How the Russian bear has mauled investors

The bear is baring its teeth again in Russia, and in more ways than one. The RTS index is now in bear-market territory, down over 20% from its May record peak, with the slide accelerating in the past few days as political risk has flared up again. The dispute between BP and its Russian partners in the joint venture TNK-BP has turned ugly. The venture’s chief executive, Robert Dudley, has left the country, citing uncertainty over the status of his work visa and “sustained harassment of the company and myself”.

While the government has said it will not intervene, the upshot of this latest “bear bites man story” is that a “Kremlin-backed energy giant” is likely to take control of the venture, says The Wall Street Journal. Prime minister Putin has previously shunted aside other big players, such as Yukos’s Mikhail Khodorkovsky – he was imprisoned and the company broken up – in his quest to “Kremlinise” oil and gas wealth.

Putin’s attack on the billionaire owner of mining group Mechel for allegedly overcharging steel manufacturers for coal and evading taxes also raised the spectre of a second Yukos affair. “If this is an indication of things to come, Russia’s reputation will be damaged beyond repair,” says Jack Dzierwa of US Global Investors. According to UralSib’s Chris Weafer, “the last train carrying the optimists out of Russian equities has just left the station”.

But Nelli Sharushkina of newsletter group Energy Intelligence is confident  sentiment will rebound: predictions that no one would invest in Russia post-Yukos turned out to be “absolutely wrong”. One reason to like Russia is the consumer boom, with the fast-expanding middle-class splurging cash after strong wage rises over the past few years. Retail sales are growing by over 10% a year, while car sales grew by 41% in the first half.
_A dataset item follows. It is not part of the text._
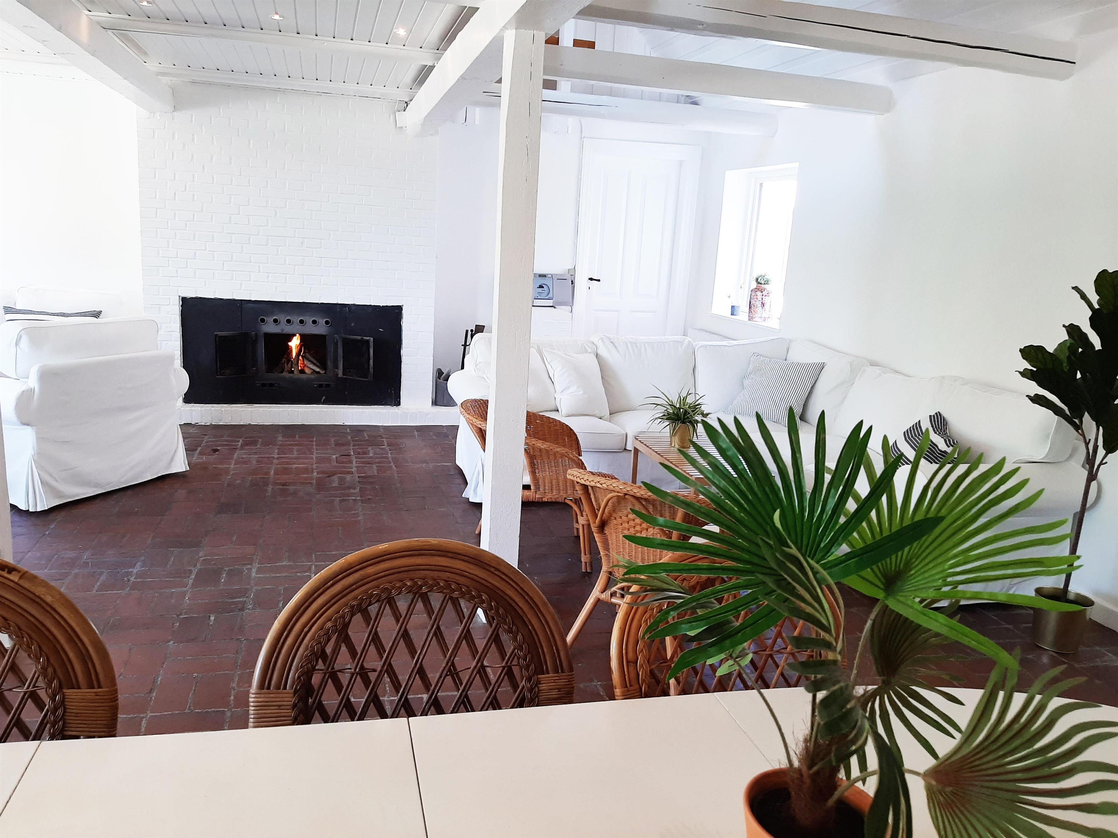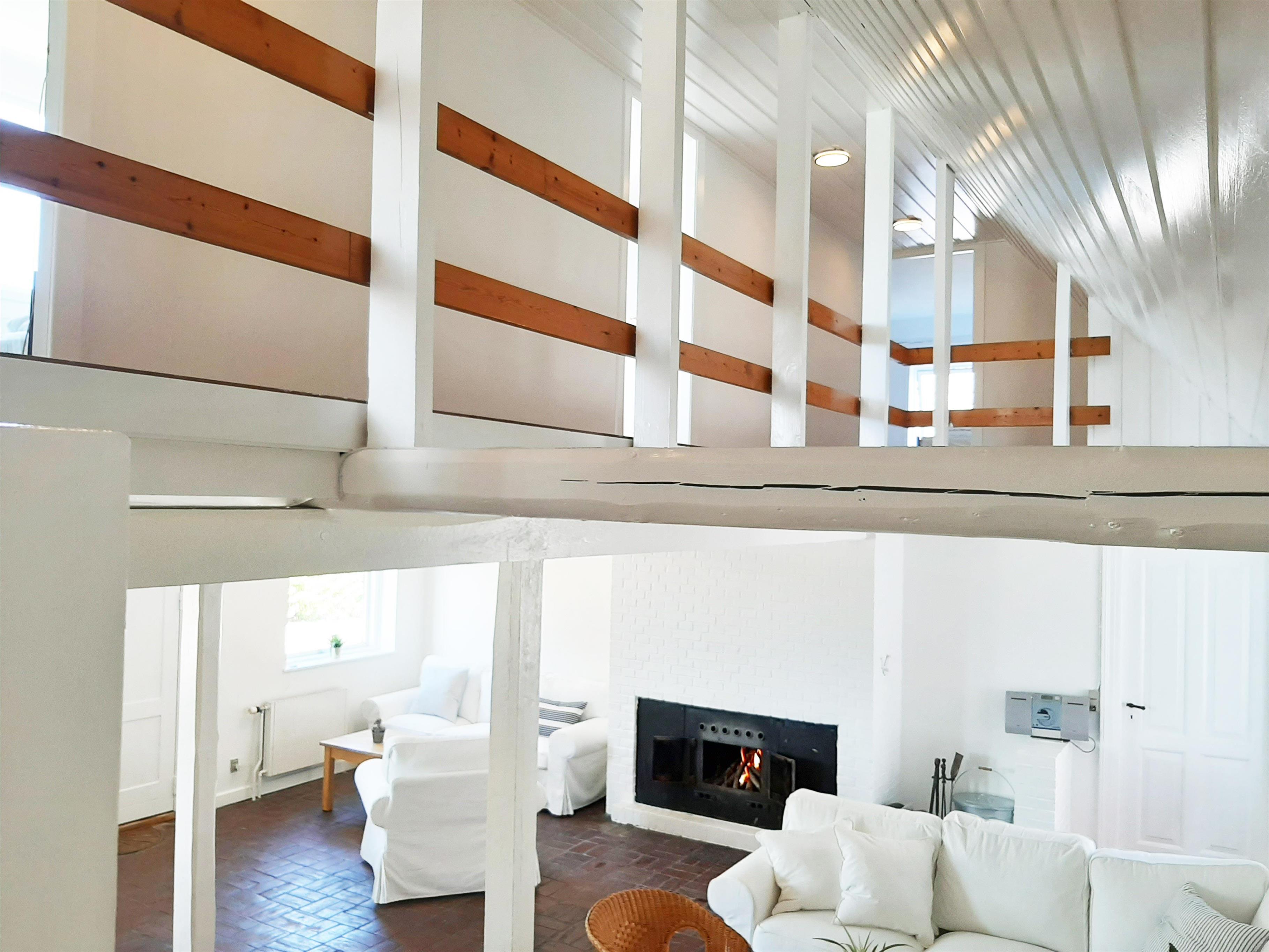 Das Erdgeschoss beherbergt darüber hinaus auch den großen Küchen- und Essbereich, in dem Sie im Kreise Ihrer Lieben die Mahlzeiten zubereiten, gemeinsam essen und vergnügliche Brettspiele an den großen Esstischen spielen können. Vier Badezimmer mit Fliesenböden und drei Schlafräume sind ebenfalls im Erdgeschoss platziert. Vom Wohnraum führt Sie eine Treppe in das obere Stockwerk, das mit weiteren vier Schlafräumen und einem langen Flur mit Blick hinunter auf den Kaminbereich besticht. Vom Küchen- und Essbereich führt eine weitere Treppe in das Obergeschoss. In diesem Bereich des ersten Stockes treffen Sie auf zwei Schlafräume, die Sie mit einem herrlichen Ausblick über die Landschaft und das Meer in der Ferne verwöhnen. Das von Feldern umgebene Ferienhaus liegt in ruhiger, idyllischer Umgebung, nur 500 Meter von einem schönen Strand entfernt.

In addition, says Capital Economics, a planned $1trn investment programme bodes well for infrastructure firms. Note too that any “fresh assault” on investors is likely to be confined to industries deemed of “strategic importance” – energy, in short – and that Russia scores quite well on investor protection when it comes to firms outside the energy industry. The market’s pe ratio, furthermore, is at a two-year low of 10.7. So if investors’ “worst fears go unrealised”, there could be a strong rebound in the coming months.

But clouding the outlook is the sliding oil price – energy stocks comprise around half the index – and the fact that global investor sentiment has been “shot to pieces”, as Weafer puts it. Ongoing worries over the credit crunch and the global economy do nothing to bolster the appeal of risky emerging markets.

What’s more, like many emerging markets, Russia has an inflation problem, raising the spectre of a hard landing if prices continue to rise. The growth rate, an annual 8.7% in the first quarter, is “too high”, according to the European Bank for Reconstruction and Development. Inflation is running at 15% and extends beyond food and energy prices; domestic demand is increasing much faster than GDP and there are shortages in the labour market, says Edward Hugh on Seeking Alpha. This all points to “overheating”. So even if political worries dissipate soon, investors may be in for a rocky ride.